## [Exercise directions]
None of the images should appear in your copy. Transcribe the data in full.
**** Recorded data
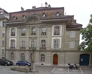 The house was created, from 1690, by a member of the de Büren family. This was achieved by amalgamating various neighbouring properties and it is from this period that some of the interiors remain. These interiors with delicate geometric panelling and plasterwork are considered to be some of the finest of the period in Bern.[3] One of the more eminent members of this family and a resident of the house was Philippe Albert de Büren (1678–1756), a member of the Grand Council of Bern from 1710 and Governor of Morges from 1723; he employed the architect Paul Hofer to carry out further building work during the 1730s.[3]
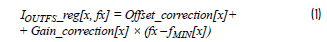 如公式1所示,电路板上必须为每个x区间存储三个参数,以便进行输出校正:即Offset_correction[x]、Gain_correction[x]和fmin[x]。
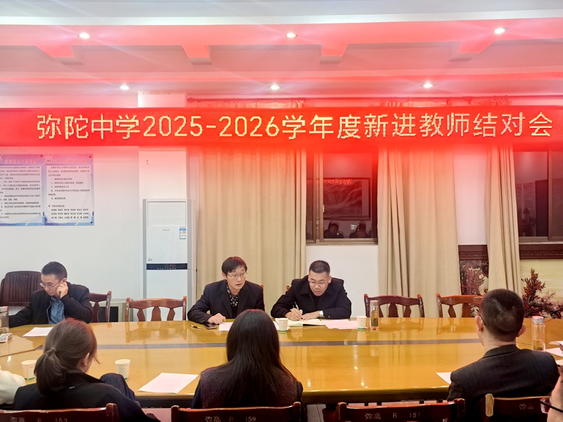 为充分发挥骨干教师传、帮、带作用,有效促进青年教师教学水平提升,10月21日晚,弥陀中学2025-2026学年度新进教师结对会在知新楼三楼会议室召开。会议由教研室负责人主持,学校党支书记、校长赵福根,副校长蔡甘泉,各学科教研组长,各指导老师及新进教师参加会议。
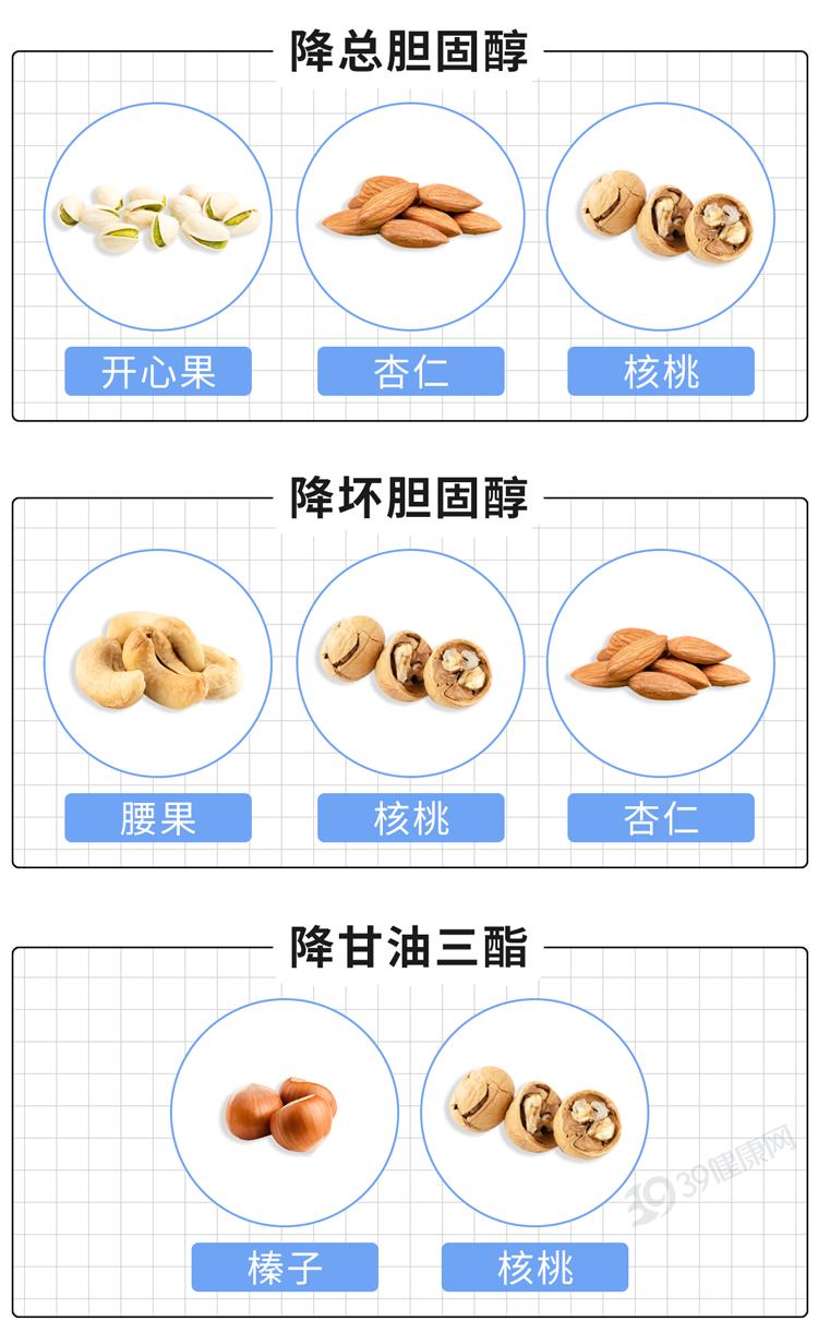 患有高脂血症的人可以根据需要选择不同种类的坚果。↓
********
## [Solution to the problem]
 The house was created, from 1690, by a member of the de Büren family. This was achieved by amalgamating various neighbouring properties and it is from this period that some of the interiors remain. These interiors with delicate geometric panelling and plasterwork are considered to be some of the finest of the period in Bern.[3] One of the more eminent members of this family and a resident of the house was Philippe Albert de Büren (1678–1756), a member of the Grand Council of Bern from 1710 and Governor of Morges from 1723; he employed the architect Paul Hofer to carry out further building work during the 1730s.[3]
 如公式1所示,电路板上必须为每个x区间存储三个参数,以便进行输出校正:即Offset_correction[x]、Gain_correction[x]和fmin[x]。
 为充分发挥骨干教师传、帮、带作用,有效促进青年教师教学水平提升,10月21日晚,弥陀中学2025-2026学年度新进教师结对会在知新楼三楼会议室召开。会议由教研室负责人主持,学校党支书记、校长赵福根,副校长蔡甘泉,各学科教研组长,各指导老师及新进教师参加会议。
 患有高脂血症的人可以根据需要选择不同种类的坚果。↓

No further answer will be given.